Le chef du barreau de Moscou, Guenri Reznik, avait expliqué le jour de la dernière audience fin janvier qu'un procès post-mortem ne pouvait avoir lieu qu'à la demande de proches du défunt, et seulement à des fins de réhabilitation.

"La présence d'avocats permettra au tribunal de dire qu'il n'y a pas eu de violations des droits de la défense, ainsi à travers sa présence, l'avocat servira de complice malgré lui de ce crime", a souligné la mère de Magnitski.

Sergueï Magnitski, un avocat fiscaliste qui conseillait le fonds d'investissement occidental Hermitage Capital, est mort dans une prison de Moscou en novembre 2009 après 11 mois de détention provisoire.

Le juriste avait été arrêté en 2008 pour fraude fiscale après avoir dénoncé une vaste machination financière de 5,4 milliards de roubles (130 millions d'euros) ourdie, selon lui, par des responsables de la police et du fisc au détriment de son employeur ainsi que de l'Etat russe.
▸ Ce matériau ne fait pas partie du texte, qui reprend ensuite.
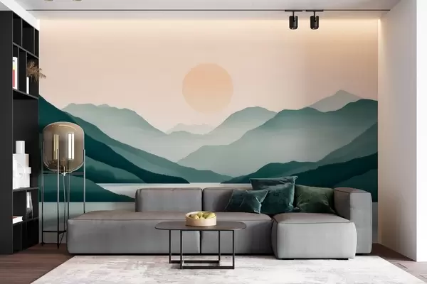 Fototapeter Stille fjellandskap med solen over innsjøen Nr. w09735
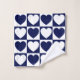 A bath towel set built with a navy blue and white checkered pattern with hearts. Customize the white background color among other options.

Magnitski avait été inculpé de fraude fiscale par les responsables même qu'il dénonçait, selon Hermitage, et fait encore l'objet de poursuites judiciaires post-mortem. William Browder, le PDG d'Hermitage Capital, est inculpé dans le même dossier.

Cette affaire a provoqué de vives tensions dans les relations entre Moscou et Washington, qui se sont nettement avivées fin 2012 avec la promulgation aux Etats-Unis d'une loi sanctionnant les responsables russes impliqués dans l'affaire, aussitôt suivie de celle d'une loi russe interdisant les adoptions d'enfants russes par des Américains.

Vendredi, le fonds Hermitage a indiqué que la Russie avait par ailleurs ouvert une nouvelle enquête dans le cadre de cette affaire et réclamé à la filiale moscovite de la banque britannique HSBC de lui fournir tous les relevés bancaires concernant huit entreprises liées au fonds, en remontant jusqu'à 1996.

Selon le quotidien Kommersant de lundi, ces poursuites concerneraient l'achat présumé par Hermitage de 7% du capital de Gazprom alors que l'acquisition de tels titres était alors interdit aux étrangers.